谷歌雲ML退出與245非零狀態訓練

當我嘗試使用此示例代碼訓練在谷歌雲ML我的模型：谷歌雲ML退出與245非零狀態訓練

import keras 
from keras import optimizers 
from keras import losses 
from keras import metrics 
from keras.models import Model, Sequential 
from keras.layers import Dense, Lambda, RepeatVector, TimeDistributed 
import numpy as np 

def test(): 
    model = Sequential() 
    model.add(Dense(2, input_shape=(3,))) 
    model.add(RepeatVector(3)) 
    model.add(TimeDistributed(Dense(3))) 
    model.compile(loss=losses.MSE, 
        optimizer=optimizers.RMSprop(lr=0.0001), 
        metrics=[metrics.categorical_accuracy], 
        sample_weight_mode='temporal') 
    x = np.random.random((1, 3)) 
    y = np.random.random((1, 3, 3)) 
    model.train_on_batch(x, y) 

if __name__ == '__main__': 
    test()

，我得到這個錯誤：

The replica master 0 exited with a non-zero status of 245. Termination reason: Error.

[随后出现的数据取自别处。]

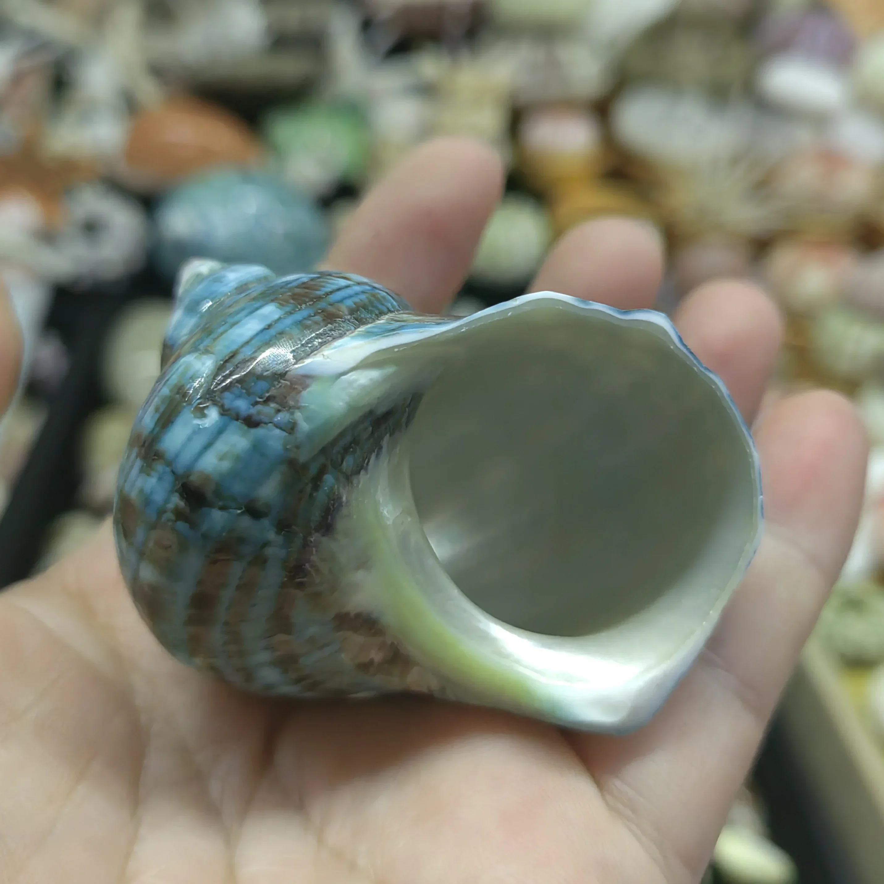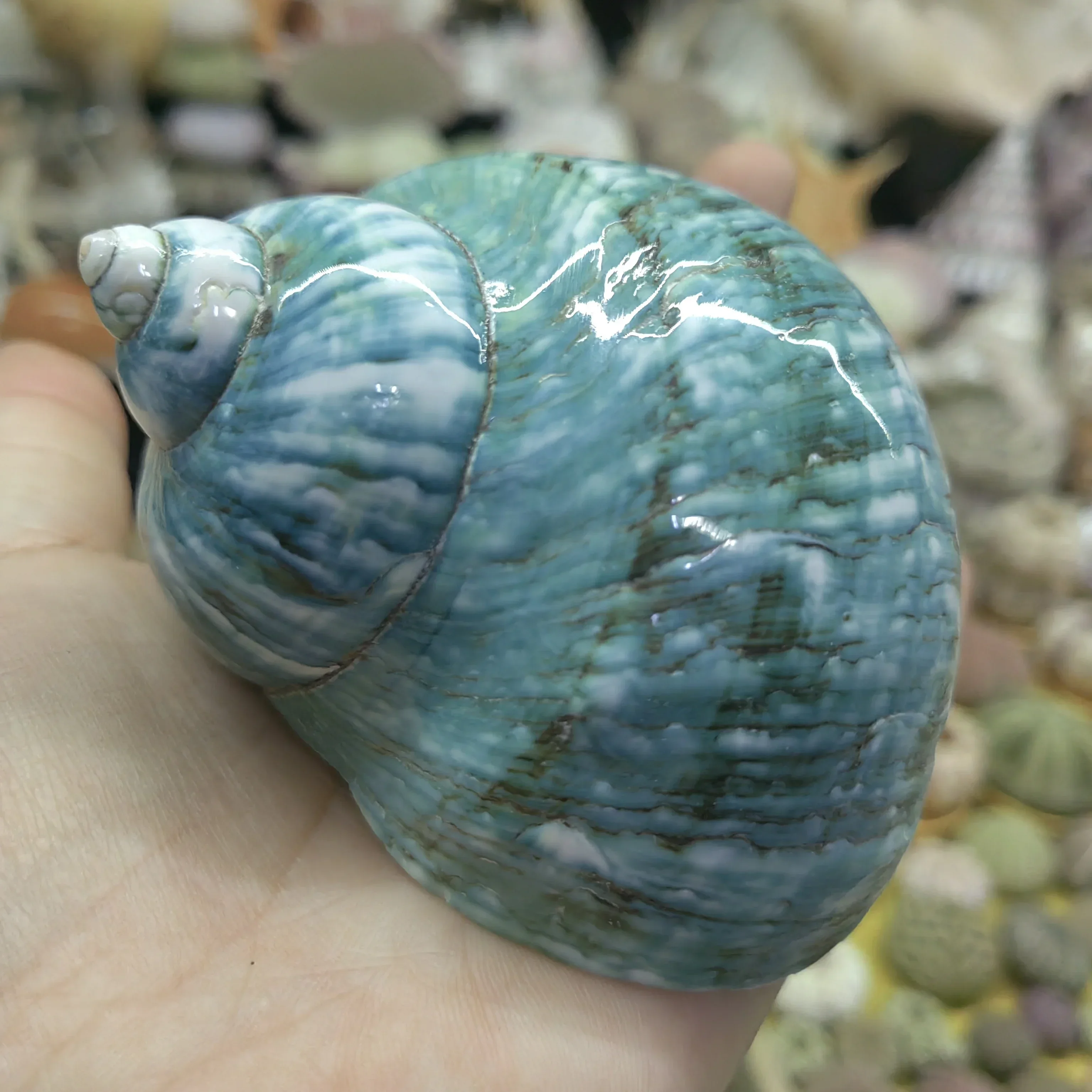 Adorno de acuario de concha Turbo con perla verde de Jade grande, decoración de pecera náutica, decoración de paisaje subacuático playero para el hogar

詳細的錯誤產量大，所以我把它粘貼here in pastebin

來源

2017-04-27 Alex

在console.google.com中，轉到漢堡包菜單，選擇「ML Engine> Jobs」，然後單擊您的工作。滾動到底部。你的內存使用情況如何？你可以有OOMed嗎？ – rhaertel80

這個特殊的工作'這個圖表沒有數據'。但對於我的其他工作來說，這更復雜，並且具有相同的錯誤，內存使用量爲0.0359 – Alex

日誌輸出表明您正在遇到分段錯誤。通過您的Cloud ML作業，您可以指定要使用哪個版本的TensorFlow？ –

問題已解決。我所要做的就是使用tensorflow 1.1.0代替默認值1.0.1

來源

2017-04-28 15:40:31 Alex

你是如何改變tensorflow版本的？ –

@BadgerCat只需添加到setup.py安裝需求tensorflow == 1.1.0 – Alex

注意此輸出：

Module raised an exception for failing to call a subprocess Command '['python', '-m', u'trainer.test', '--job-dir', u'gs://my_test_bucket_keras/s_27_100630']' returned non-zero exit status -11.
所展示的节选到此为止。